The aims of this study were to evaluate (1) how neurovascular injuries during fixation can be prevented and (2) whether a lateral hinge–directed fixation system provides comparable neurovascular safety to conventional and custom-made locking plate systems. Our hypothesis was that laterally directed fixation would provide more safety to neurovascular structures than would posterolaterally directed fixation.

Methods

Patients

After receiving institutional review board approval for the study protocol, we retrospectively reviewed 316 knees that underwent OWHTO from March 2014 to May 2018. The study inclusion criteria were as follows: (1) medial unicompartmental osteoarthritis, (2) genu varus deformity of the lower limb, and (3) completed immediate postoperative computed tomography (CT). The exclusion criteria were as follows: (1) revision OWHTO (3 knees); (2) double osteotomy, including distal femoral osteotomy (7 knees); and (3) simultaneous ligament reconstruction that required concomitant sagittal plane modification (5 knees). After 15 knees were excluded, a total of 301 knees were included. Among them, the knees without completed serial radiological and clinical assessments over a postoperative period of at least 2 years were excluded. Ultimately, 275 knees were included (Figure 1).

Figure 1.

Flowchart of patient enrollment. HTO, high tibial osteotomy; OWHTO, opening-wedge high tibial osteotomy.

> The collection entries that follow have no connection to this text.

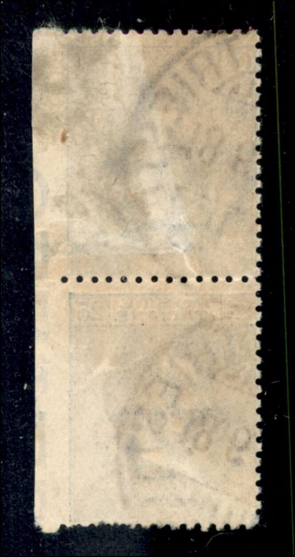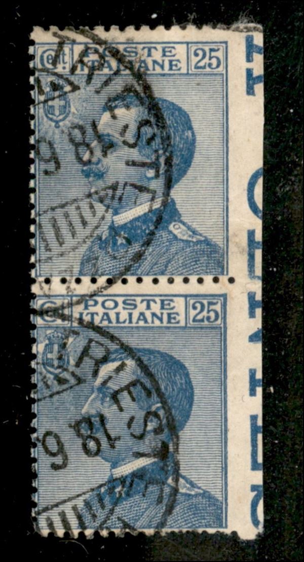 1908 - Michetti 25 cent coppia verticale non dentellata a destra con bordo foglio (83i) usata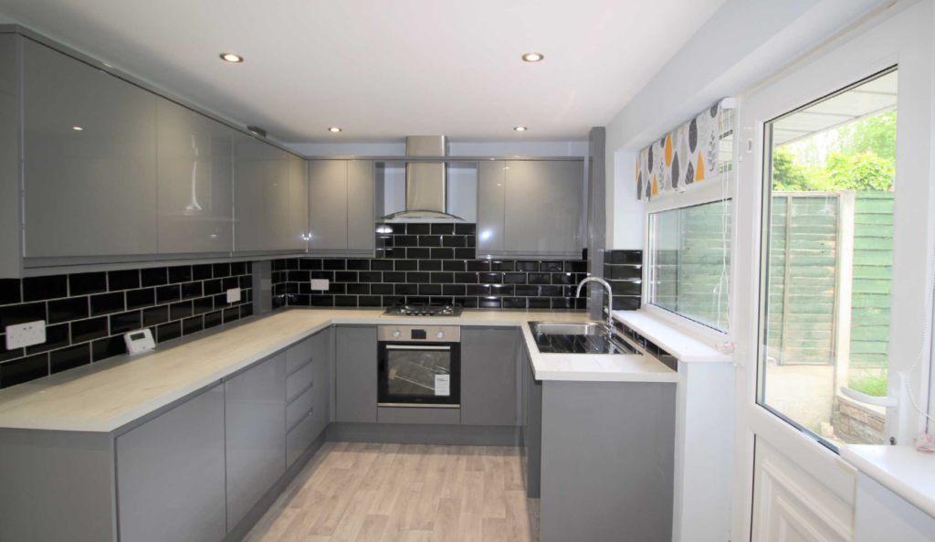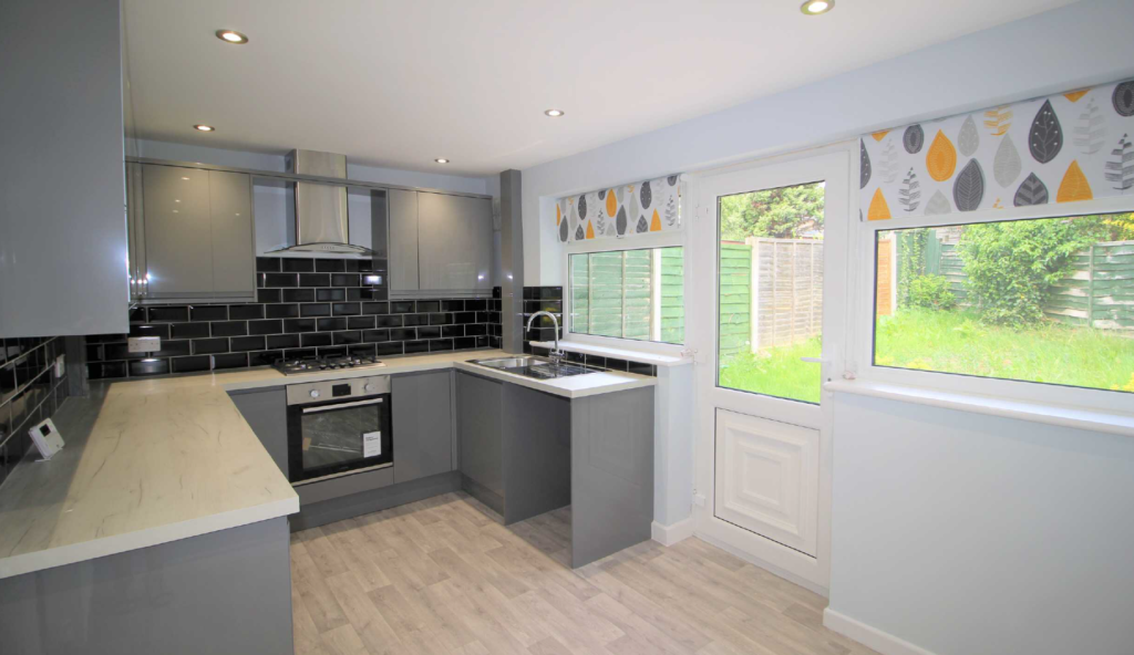 Upon entering the property, there is a bright and airy with large windows allowing light to flood the room. The kitchen is accessed from the living room and features plenty of wall and base storage units with built in appliances, space for dining table and access to the rear garden.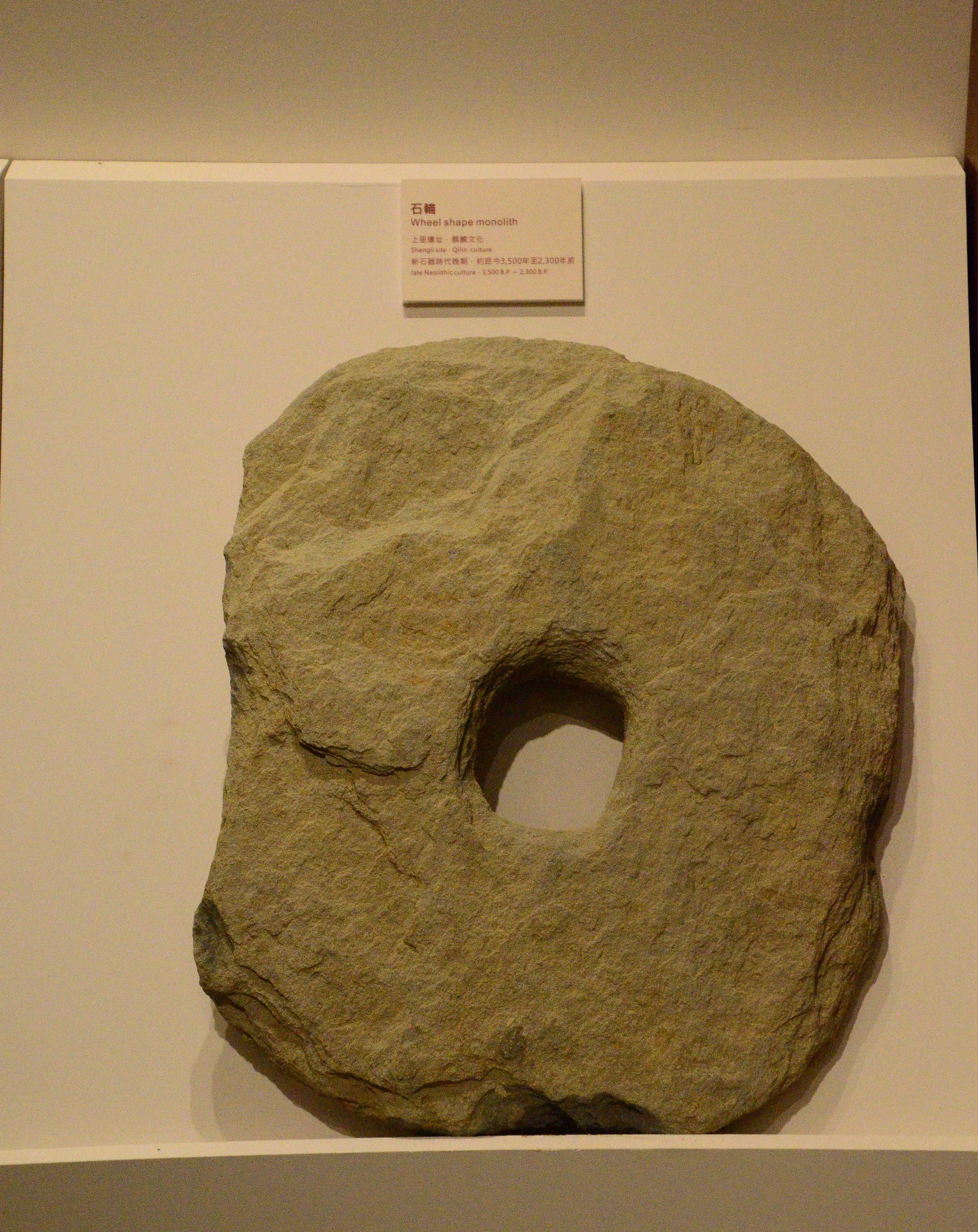 石輪或稱輪型單石,是將單石打製成近似圓形輪子的石塊,中央再打鑿出一個圓孔,也可稱有孔石磐。本件石輪長55公分、寬55公分、厚6公分,是來自距今約2,300年的麒麟文化(或稱巨石文化)的大型單石。麒麟文化(或稱巨石文化)是臺灣新石器時代晚期的文化之一,分布於花蓮縣新社到臺東縣都蘭之間。其代表性遺物有人形石像、單石、石輪、岩棺、石壁等石造物。這些大型石造物有可能是房舍建築的一部分,或與儀式行為有關,但尚無定論。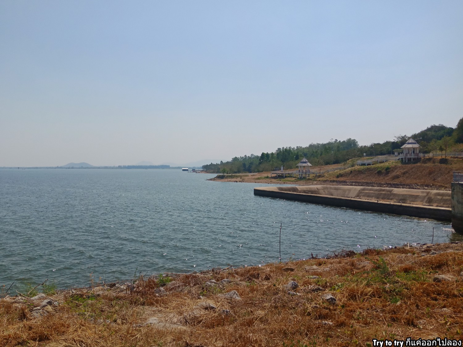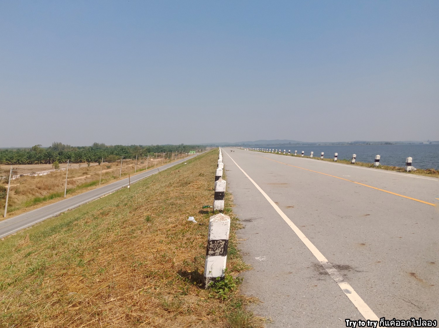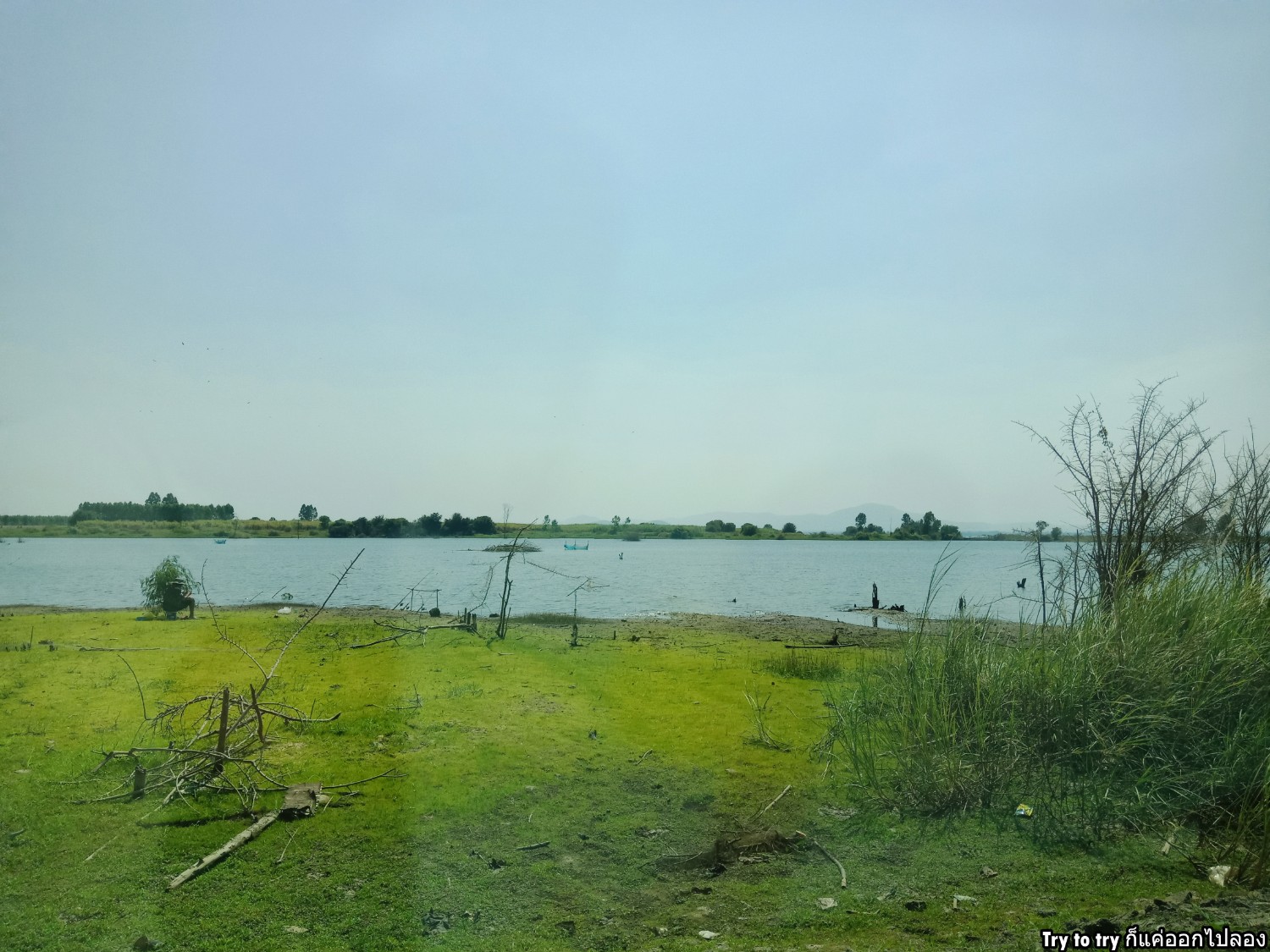พอตาม GPS ไปจนสุดทางก็ค้นพบว่า "เรามากันผิดทาง" จริงๆ ด้วย ภาพที่เห็นคือข้างซ้ายก็เป็นน้ำ ข้างขวาก็เป็นน้ำ และข้างหน้าก็ยังเป็นน้ำอีกเช่นกัน นี่คงไม่ใช่ทางเข้าเขื่อนที่ว่านั่นกระมัง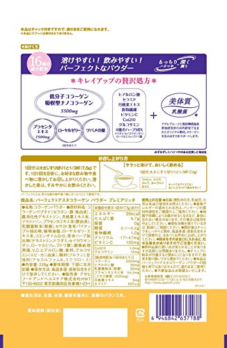 "Perfect Application collagen powder Premier rich 228g" is easy to drink melted cheap it is a collagen powder of 16 kinds of ingredients. Blended per serving collagen 5500mg the Placenta 1500mg. Other royal jelly also bird's nest hyaluronic acid ceramide has further compounded the beauty constitution lactic acid bacteria (R) ※. Please help us to every day of beauty and health maintenance. ...

The study patients were divided into 4 groups based on the type of fixation system used, as follows. Each plate had different fitting contours and locking screw directions.

LCfit group: Laterally directed hinge system with an inverted L-shaped plate anatomically contoured to the postcorrection tibia (LCfit HTO system; Corentec)

TDM group: TDM decisive wedge locking plate

OhtoFix group: OhtoFix anatomic locking metal block plate

TomoFix group: TomoFix titanium locking plate

These 4 fixation systems had been used sequentially in our practice. We used the TDM plate from March 2014 to March 2015, OhtoFix plate from April 2015 to May 2016, TomoFix plate from June 2016 to May 2018, and LCfit plate from February 2017 to May 2018.

Surgical Technique and Rehabilitation Protocol

All surgical procedures were performed by a single senior surgeon (Y.S.L.). The surgical procedures did not differ according to the fixation system used. An incision was made longitudinally 1 cm anterior to the posteromedial border of the tibia. The superior border of the pes anserinus was incised, and the superficial medial collateral ligament was mobilized from the tibia and released using a periosteal elevator. Under the C-arm image, a protective cutting system (Tradimedics and Corentec) was applied to the lateral cortical hinge located just below the tip of the fibular head. Osteotomy was performed from the medial to lateral side until it reached just 5 to 10 mm before the lateral cortex.¹⁴ Next, the osteotomy site was distracted in accordance with the preoperative planning, and the plate was positioned at the central portion of each fragment, with best contouring with knees in 90° of flexion, if possible. After the plate was positioned, screw fixation was performed. The degree of distraction was adjusted to the most posterior side, and the gap ratio (anterior/posterior) was adjusted to around two-thirds ratio by compressing the anterior gap.¹²

Isometric quadriceps exercises and continuous passive motion exercises were initiated on the first postoperative day. Partial weightbearing with crutches was permitted during the first 2 postoperative weeks, and full weightbearing as tolerated was permitted after postoperative week 2. Crutches were used 6 weeks postoperatively. Stair-climbing and sudden standing from the sitting position were prohibited during the first 3 months postoperatively, if possible.¹⁸

Evaluations

All measurements were performed using INFINITT Version 5.0.9.2 (INFINITT). Preoperative magnetic resonance imaging (MRI) and postoperative CT scans without enhancements were performed with full extension of knees. CT scanning (SOMATOM Definition [Siemens]; MX8000, Brilliance 64, Brilliance iCT [Philips]) of the osteotomized knees was performed on the first or second postoperative day. Radiologic and clinical evaluations were performed at every visit to the outpatient clinic. The whole lower extremity, weightbearing anteroposterior (AP), and lateral radiographic views, and CT scans of all enrolled participants were analyzed.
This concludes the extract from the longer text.